Je plaide pour qu’une réelle concertation s’engage sur ces questions avec le Centre national de la fonction publique territoriale (CNFPT) et qu’ainsi des programmes croisés de formation soient mis en place pour les enseignants, les techniciens de l’animation et les bibliothécaires. C’est à cette seule condition, par une implication concertée des professionnels, que les objectifs de lecture, qui sont ou devraient être partagés par tous, pourront être déterminés.

Je milite pour que ces programmes croisés de formation incluent la problématique des bibliothèques centres de documentation (BCD) et montrent combien celles-ci sont étroitement liées aux objectifs des bibliothèques pour la jeunesse. Inscrire des formations communes dans les conventions Culture/Éducation nationale, c’est-à-dire mutualiser les réflexions, aider les jeunes à découvrir, doit devenir une priorité, car tout ce travail relève bien de stratégies communes.

Des propositions devraient être élaborées en ce sens pour mettre en réseau les bibliothèques scolaires et les bibliothèques publiques et promouvoir une véritable politique, bien structurée, de formation.

Décloisonner et modifier les pratiques

Il convient, en effet, de faire évoluer l’ensemble des rapports entre l’École et la Bibliothèque. Les ministères de la Culture et de l’Éducation nationale conjuguent depuis plusieurs années leurs efforts pour tenter d’ouvrir un accès culturel à l’écrit à l’intérieur même de l’École, et il est urgent de renforcer la lecture et l’écriture dans la politique interministérielle d’éducation artistique et culturelle.

C’est pourquoi la formation continue devrait prendre en compte quatre éléments essentiels :

Les projets lecture/écriture, qui modifient souvent le rapport au savoir et à l’écrit des jeunes en difficulté. Quel rôle la bibliothèque est-elle en mesure d’avoir par rapport aux ateliers d’écriture ? Comment les professionnels peuvent-ils travailler, dans le temps scolaire ou hors temps scolaire à une approche de ce type ? Il m’apparaît important de réfléchir à cette question. Des formations communes lecture/écriture pourraient être une des réponses.

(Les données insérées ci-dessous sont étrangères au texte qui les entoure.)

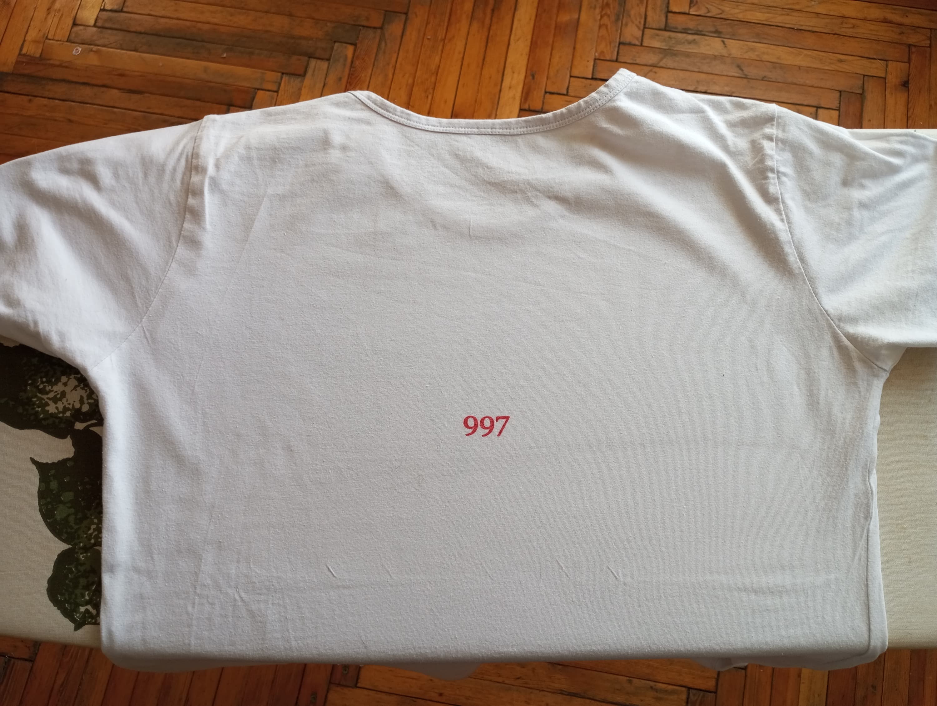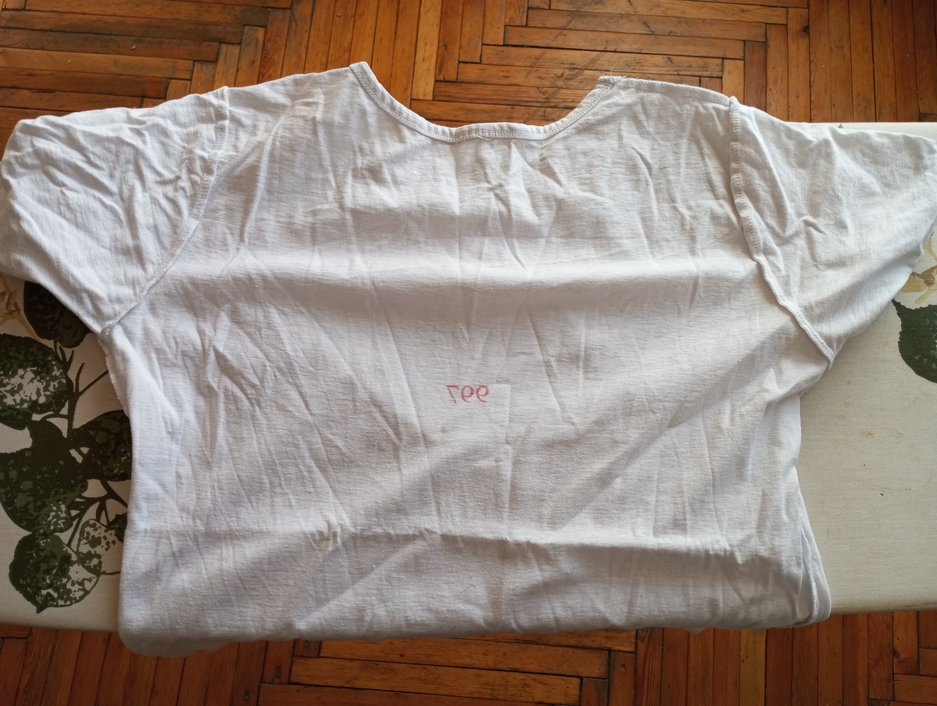 У белого свои проблемы: мятое оно выглядит наиболее неряшливо, легко заглаживается и подвержено желтению от частых тепловых обработок. Выбрали средний режим, разбрызгивание и пар. Отдельно протестировали утюг на деликатность, нанесение не размазалось.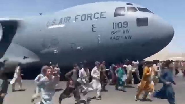 Сбежать из Афганистана любой ценой. На этих кадрах видно, что десятки людей действительно пытаются спастись из Афганистана, цепляясь за шасси и фюзеляж американских военных самолётов, вылетающих из страны. #Афганистан #самолёт #Америка

Les publics, pour qu’une réelle réflexion s’élabore sur ce qu’est le lecteur et sur la place qu’il occupe à la bibliothèque, en particulier quand il est un « préadolescent ». Quel lecteur souhaite-t-on ? Un lecteur autonome ou « assisté » ? Je crois que les formations devraient s’intensifier autour de cette question.

Les animations mises en œuvre dans les bibliothèques, pour qu’à l’instar de ce qui se pratique ailleurs, il soit possible de faire évoluer le rapport au livre qu’entretiennent de nombreux bibliothécaires et de reconsidérer l’espace que peut y occuper le multimédia.

Enfin le partenariat, essentiel à l’ouverture des bibliothèques.

Or, toutes ces questions ne sont pas fondamentalement celles des bibliothécaires jeunesse. Elles concernent l’ensemble de la profession et tous ceux qui œuvrent autour de la lecture.

Il m’apparaît donc indispensable d’intégrer au mieux les bibliothèques pour la jeunesse au sein de leurs équipements (et des formations appropriées et communes en sont un des meilleurs moyens) et d’impulser des programmes de recherche et d’évaluation sur le livre et la lecture et sur les pratiques des professionnels.

C’est en appréhendant mieux les pratiques de lecture et l’usage du livre et de l’écrit par les jeunes, mais aussi les handicaps sociaux et culturels qui peuvent faire barrage ou obstacle, en observant les pratiques professionnelles mises en œuvre dans les services pour la jeunesse et en installant des dispositifs d’évaluation des politiques publiques que la profession évoluera. Les milieux professionnels sont en attente, l’élaboration d’initiatives en faveur des bibliothèques dans le domaine des formations y répondrait vraisemblablement.

Octobre 2002

  1.  (retour)↑  Voir dans ce numéro, p. 123, le compte rendu du colloque « Se former à la littérature de jeunesse aujourd’hui ».